Они шли по реке второй день. Ромка с его неиссякаемой энергией успел перезнакомиться со всем экипажем небольшого теплохода. Матросы, горничные, повара и даже толстый охранник Николай Викторович были моментально «записаны» в друзья мальчика. И с каждым его тянуло поиграть и пообщаться.
— Рома, — то тут, то там слышался обеспокоенный голос Ольги Васильевны, — не мешай тёте Наташе! Ей же обед надо готовить!
Такие же реплики можно было услышать, если Ромка крутился около охранника Николая или топтался около радиорубки, пытаясь полюбопытствовать, как из этой небольшой по размеру комнаты можно было сделать так, чтобы голос был слышен на всём теплоходе.

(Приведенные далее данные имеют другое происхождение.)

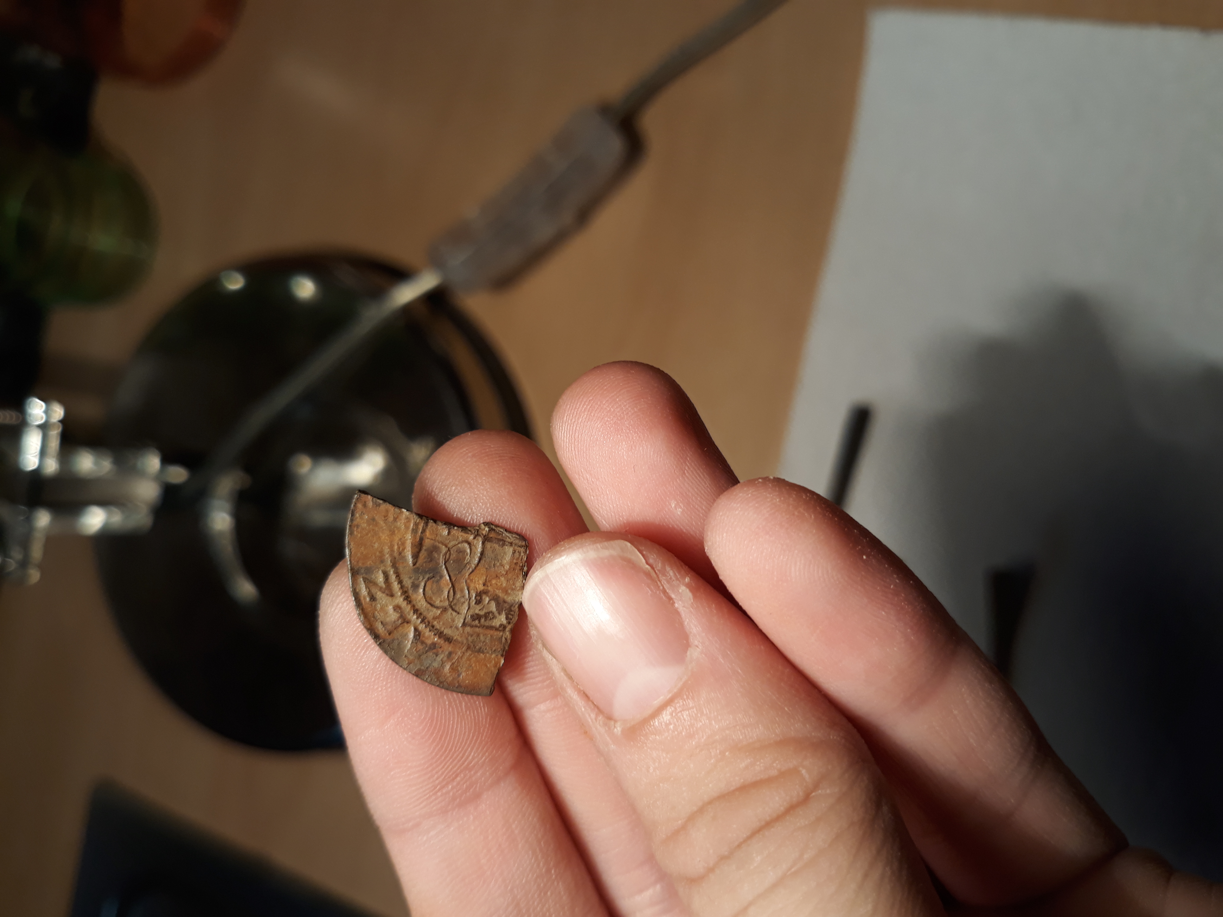 Heute diese geviertelte Münze gefunden. Sie müsste Salzburg 1630 - 1680 rum sein. Das komische ist, ich finde in dem Zeitraum nur Silber- und Goldmünzen rum mit diesem Motiv. Es ist denke kein Silber. Ist leicht gelblich. Ich finde sie allerdings für Kupfer zu detailliert erhalten. Auf den Bildern ist sie so wie sie aus dem Boden kam. Größe so etwa 12 mm. Kann jemand helfen?
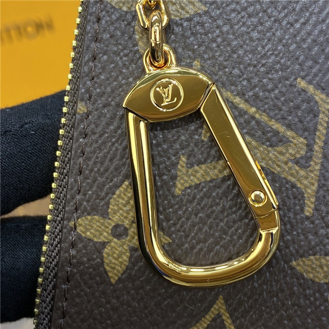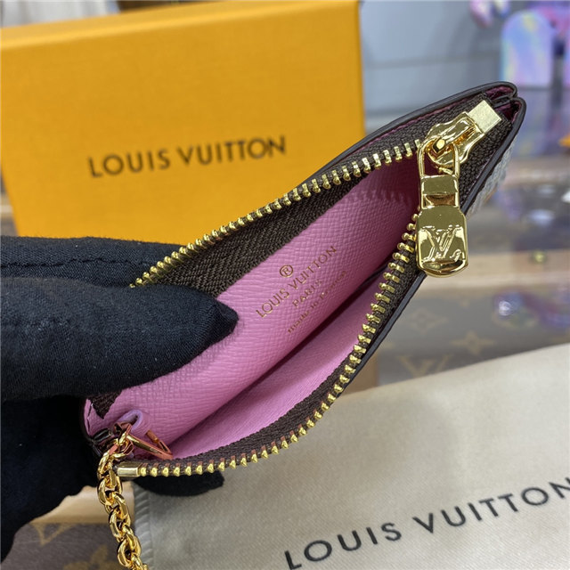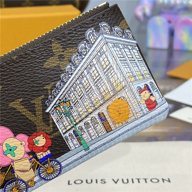 This exclusive edition of the Key Pouch in Monogram canvas is part of the Vivienne Holidays 2022 collection, which celebrates the spirit of travel. A colorful, detailed print features Louis Vuitton”s mascot Vivienne in front of the Paris boutique on Place Vend?me. This collectible accessory, which can also carry cash and cards, makes an ideal gift.

Ухитрился он вызвать улыбку на лице даже у сурового старпома. Уже на второй день знакомства тот носил в кармане форменных чёрных брюк пластиковую коробочку с леденцами, которыми угощал мальчугана всякий раз, как только он попадался ему на главной палубе. Скоро уже все пассажиры знали, что постоянно бегающего и не знающего покоя мальца звать Ромой, что его конечным пунктом является Волгоград и что следует он в город боевой славы вместе с бабушкой.
Правда, моложавую и компанейскую Ольгу Васильевну можно было с успехом принять за маму мальчика. Элегантная и ухоженная, знающая толк в хорошей косметике, она выглядела намного моложе своих лет.
В первый же вечер, когда на корме теплохода были организованы танцы, она показала такой мастер-класс по вальсированию, что мужчины, перемигнувшись меж собой, тотчас определили, что имеют дело с профессиональной танцовщицей. Чуть позже, разговорившись в месте, отведенном для курения, они «распределили» между собой дни, когда каждый из них будет танцевать с Ольгой (в своем кругу они, естественно, называли её без отчества).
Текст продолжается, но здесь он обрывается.